AIM OF THE EXERCISE:
Write out the lines of the material below exactly, beginning at the line with "10月1日早上,北京野生动物" and stopping after the line with "Coin Bucket Bag", and leave out the pictures.

EXERCISE DATA:
----
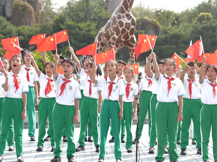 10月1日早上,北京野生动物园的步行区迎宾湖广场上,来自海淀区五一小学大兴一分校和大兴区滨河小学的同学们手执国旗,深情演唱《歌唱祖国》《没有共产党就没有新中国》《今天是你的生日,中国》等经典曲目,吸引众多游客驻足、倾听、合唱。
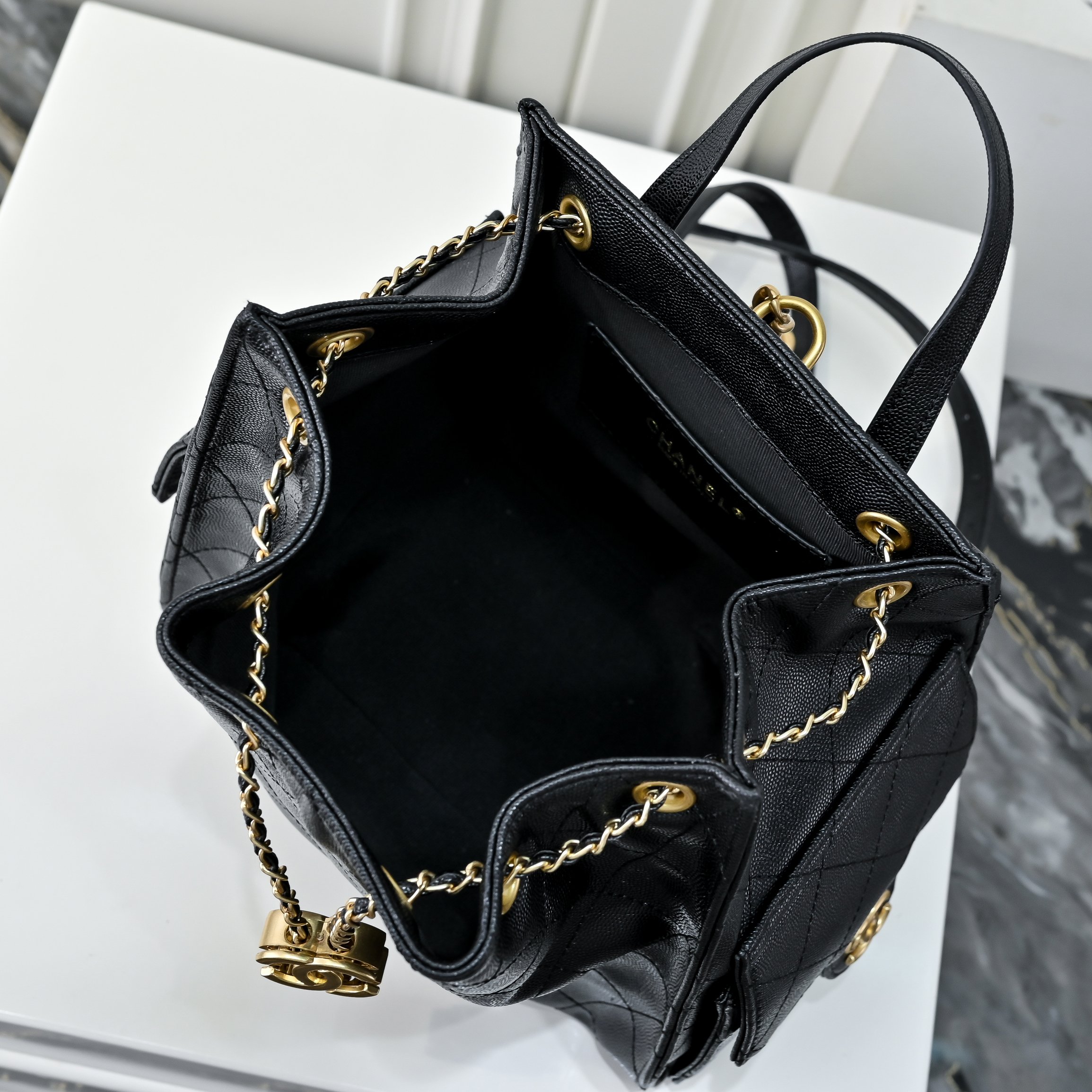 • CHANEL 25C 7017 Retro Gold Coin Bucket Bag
----
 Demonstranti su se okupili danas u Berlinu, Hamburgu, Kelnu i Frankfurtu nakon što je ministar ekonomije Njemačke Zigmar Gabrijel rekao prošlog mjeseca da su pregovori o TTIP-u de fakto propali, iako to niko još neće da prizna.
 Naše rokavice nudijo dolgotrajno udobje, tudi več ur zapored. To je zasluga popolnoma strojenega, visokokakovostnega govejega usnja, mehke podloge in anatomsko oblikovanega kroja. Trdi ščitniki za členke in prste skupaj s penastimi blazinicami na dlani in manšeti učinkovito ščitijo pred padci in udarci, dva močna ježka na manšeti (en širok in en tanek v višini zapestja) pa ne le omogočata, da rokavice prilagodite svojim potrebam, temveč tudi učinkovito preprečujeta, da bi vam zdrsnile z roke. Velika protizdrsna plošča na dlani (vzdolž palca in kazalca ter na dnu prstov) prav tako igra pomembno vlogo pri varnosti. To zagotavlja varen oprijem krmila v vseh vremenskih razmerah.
----
REPLY:
 10月1日早上,北京野生动物园的步行区迎宾湖广场上,来自海淀区五一小学大兴一分校和大兴区滨河小学的同学们手执国旗,深情演唱《歌唱祖国》《没有共产党就没有新中国》《今天是你的生日,中国》等经典曲目,吸引众多游客驻足、倾听、合唱。
 • CHANEL 25C 7017 Retro Gold Coin Bucket Bag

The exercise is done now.